Business focuses on blinds and curtains
Published 10:05 am Friday, February 3, 2017
Most products custom designed
Troy Allen and his fiancé, Leslie Burdette, bought an old store at 612 Oak Street in March and spent the time since then remodeling the old building to accommodate the needs of their new business, The Blind Store, which focuses on custom window treatments.
They opened the Blind Store because Burdette’s father, Jeff, who is also their business partner, has been in the window treatment business for around 15 years. He started out doing construction but starting concentrating on window treatments after it became 95 percent of his business.
“We wanted to start a retail store instead of just doing third party installations,” Allen said. “We wanted to sell and install the product.”
The Blind Store doesn’t stock much because each job is a custom design, so its not really anything they can stock on a shelf.
“Each one is custom based on your window and manufactured to specifications,” Allen explained. “Whatever color and style you want. There are many, many factors that go into what a person orders.”
About 90 percent of their clients call and they go to the home to take measurements and let the client make choices from samples.
“Sometimes we have people show up at the retail store and we have a showroom with all of our shutter and blinds products mounted on the wall,” Allen said. “They can come in and see the full size products. But 90 percent of our business is in-home consultations.”
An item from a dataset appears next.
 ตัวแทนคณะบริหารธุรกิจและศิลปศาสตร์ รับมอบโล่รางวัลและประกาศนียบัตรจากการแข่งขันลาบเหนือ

Once the choices are made, the costs are tallied and then the order is sent to one of two factories. Then the product is shipped for installation.
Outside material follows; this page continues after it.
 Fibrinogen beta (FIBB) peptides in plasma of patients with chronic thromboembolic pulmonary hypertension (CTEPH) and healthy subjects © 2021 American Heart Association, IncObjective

Most of their products come from the factories of Spring Windows Fashion in Wisconsin.
They make what Allen calls the “Cadillac of blinds and shutters” under the Graber product line. The product has a lifetime guarantee.
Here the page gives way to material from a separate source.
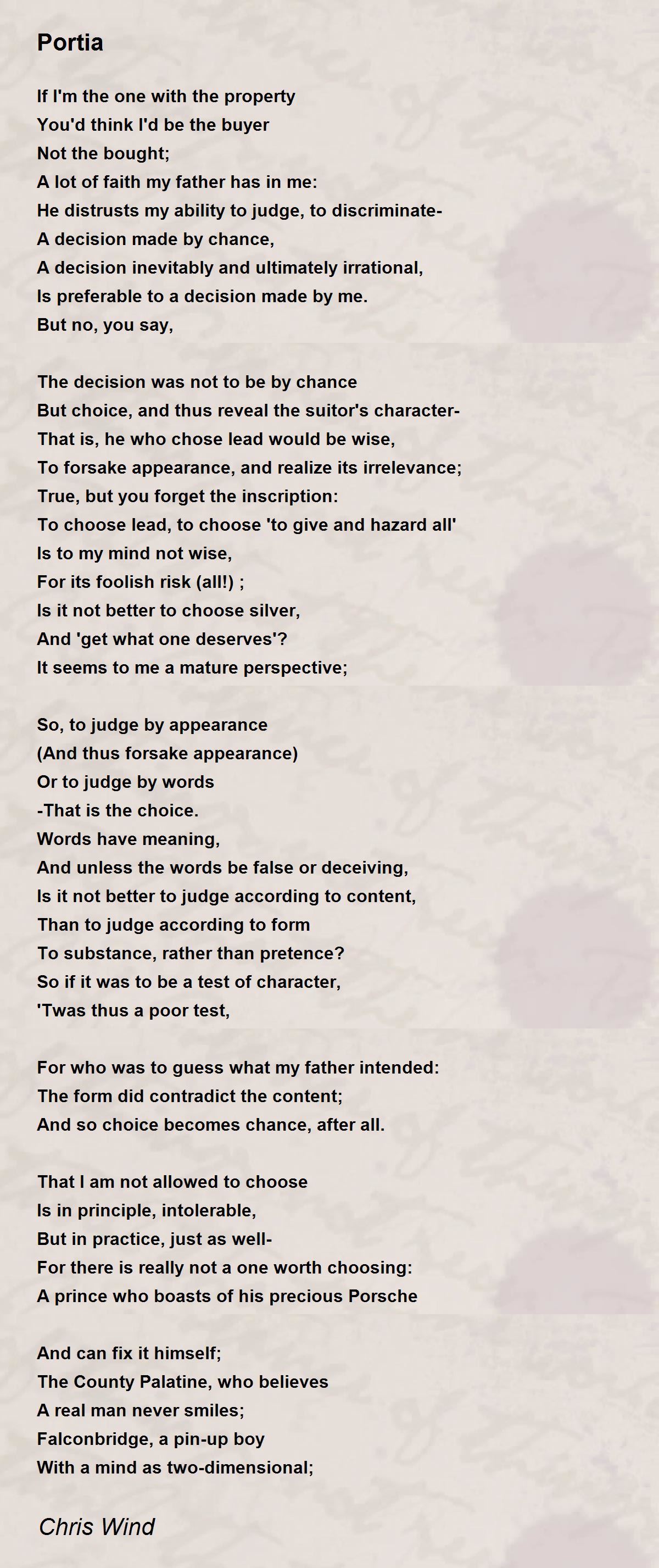 But choice, and thus reveal the suitor's character-

“That’s a plus for our business,” Allen said. “If somebody buys something from us and in 50 years, say they get a cordless blind and something happens with the cordless works not catching anymore; the manufacturer will replace it, no questions asked. So that is a really good selling point for us.”
Allen said they can get pretty much any style: wood, faux wood, or aluminum shutters; interior shutters that go inside your window rather the outside; Roman shades, roller shades and blackout shades for night workers trying to sleep in daylight, and even drapery.
“We offer pretty much any treatment that will go in a window,” Allen said.
Allen said they opened a business in Ironton because it’s where he graduated from and because they were looking for a commercial property and a new home.
When they saw the building on Oak Street they knew they had found what they needed.
“It was crazy because there was this property that used to be the doughnut store and it had a house connected to it,” he said. “So we bought the whole property at once and killed two birds with one stone.”
In the past, the building had been many things including a doughnut shop, a baseball card shop and a laundromat.
“We gutted it. We put all new systems in, electrical, heating and air, lighting, plumbing, floors, walls. New windows,” Allen said. “It’s all pretty much new. It’s an old building and took a little bit to get it going. This building itself is probably as solid as the day it was built.”
Allen graduated from Ironton High School in 2006 and Ohio University in 2011. He and fiancé are realtors at Murdock Realty in Ironton. He says he will list or sell for friends and family but he is more on the investment side of it.
“It’s more of hobby than it is a job,” he said. “We do it for rental properties we own, so it is more of a personal investment.”
The Blind Store is located at 610 Oak Street. It is open from 10 a.m. to 5 p.m. Monday through Friday.